The promising properties of this technology encouraged numerous works on the design of circuits based on QCA. This led to initial QCA designs realizing arithmetic circuits [6], processors [7] and FPGAs [8]. However, most of these circuits have been realized manually. With increasing complexity and/or physical restrictions to be considered (besides others, e.g. dedicated clocking schemes, the crossings of wires, restricted wire lengths, etc.), methods for design automation of QCA circuits are inevitable.
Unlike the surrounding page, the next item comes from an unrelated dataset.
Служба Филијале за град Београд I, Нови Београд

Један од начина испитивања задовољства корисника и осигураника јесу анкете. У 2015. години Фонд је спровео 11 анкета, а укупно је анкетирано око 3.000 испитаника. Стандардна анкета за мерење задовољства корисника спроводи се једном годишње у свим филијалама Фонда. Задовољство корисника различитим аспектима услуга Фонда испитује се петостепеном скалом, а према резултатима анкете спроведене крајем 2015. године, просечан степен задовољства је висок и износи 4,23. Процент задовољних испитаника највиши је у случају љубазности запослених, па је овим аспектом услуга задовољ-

While initial solutions e.g. for the automatic synthesis of QCA circuits have been proposed, they often only focused on a single design objective. In particular, the realization of the data flow in a QCA circuit has been considered. This strongly depends on the respectively assumed clocking scheme – an architectural characteristic of each QCA design that defines how an external clocking signal is distributed. The works by Bubna et al. [9], Ravichandran et al. [10] and Vankamamidi et al. [11] solely focused on implementations based on an unidirectional data flow. Trindade et al. [12] presented a design solution supporting a clocking scheme allowing for a flexible and bidirectional data flow.
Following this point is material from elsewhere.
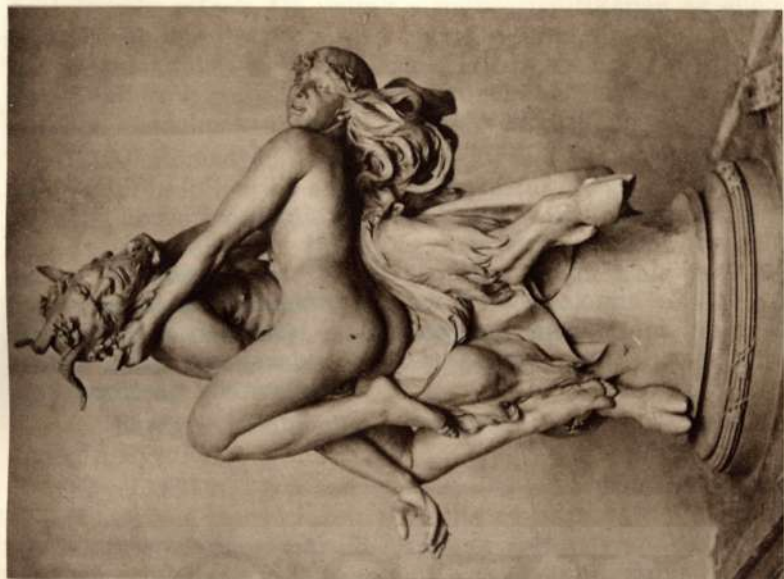
A megszorult Faun.

However, beyond that, several further (partially contradictory) objectives have to be considered when designing QCA circuits. For example, whether or not crossings are allowed or whether or not signals are supposed to arrive at the same clock cycle may have a significant impact on the required area. Besides that, physical restrictions such as the minimum distance between wires may have to be considered. The current state-of-the-art mentioned above does not help here, since all solutions proposed thus far (1) rely on heuristic algorithms and, hence, cannot guarantee that all objectives/constraints are indeed satisfied and (2) usually focus on a single objective but do not consider alternatives that would allow e.g. to trade-off several objectives. This frequently leads to unsatisfactory results and generally makes it hard to evaluate the quality of respective QCA designs.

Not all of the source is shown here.